REASON: Perhaps we can go back to your comment about intellectuals. What do you think of the thesis put forth by von Mises and Schoeck, that envy motivates many contemporary intellectuals' opposition to the free market?

FRIEDMAN: Well, I don't think we'll get very far by interpreting the intellectuals' motivation. Their critical attitudes might be attributed to personal resentment and envy but I would say that a more fruitful direction, or a more fundamental one, is that intellectuals are people with something to sell. So the question becomes, what is there a better market for? I think a major reason why intellectuals tend to move towards collectivism is that the collectivist answer is a simple one. If there's something wrong pass a law and do something about it. If there's something wrong it's because of some no-good bum, some devil, evil and wicked--that's a very simple story to tell. You don't have to be very smart to write it and you don't have to be very smart to accept it. On the other hand, the individualistic or libertarian argument is a sophisticated and subtle one. If there's something wrong with society, if there's a real social evil, maybe you will make better progress by letting people voluntarily try to eliminate the evil. Therefore, I think, there is in advance a tendency for intellectuals to be attracted to sell the collectivist idea.

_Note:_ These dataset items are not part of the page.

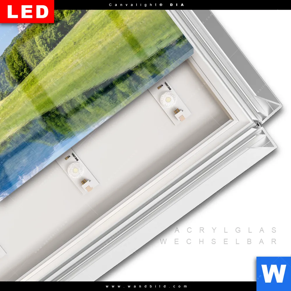 LED-Glasbild mit austauschbarem Acrylglas-Druck (Wechselbild)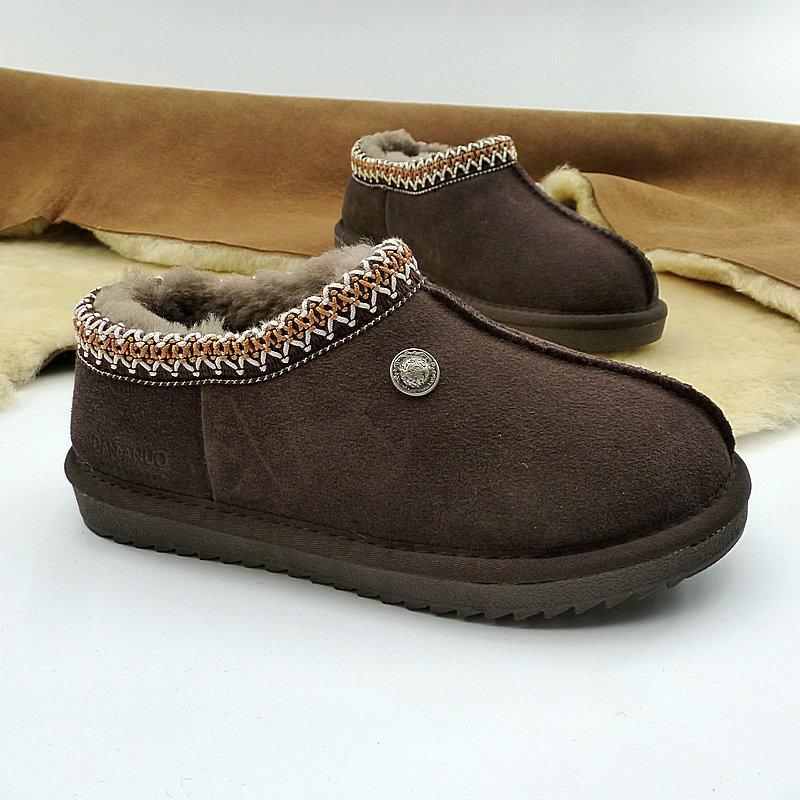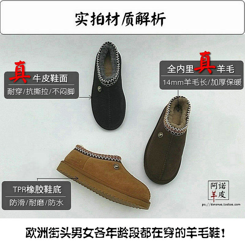 📚 欧洲站羊皮毛复古懒人鞋 男女低帮户外两穿防滑平底保暖棉鞋真皮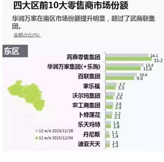 2、2015年十大超市企业份额及大数据解读

REASON: It's paradoxical but people might then say that you are attributing to the collectivist intellectual a better feeling for the market.

FRIEDMAN: Of course. But while there's a bigger market for Fords than there is for American Motors products, there is a market for the American Motors products. In the same way, there's a bigger market for collectivist ideology than there is for individualist ideology. The thing that really baffles me is that the fraction of intellectuals who are collectivists is, I think, even larger than would be justified by the market.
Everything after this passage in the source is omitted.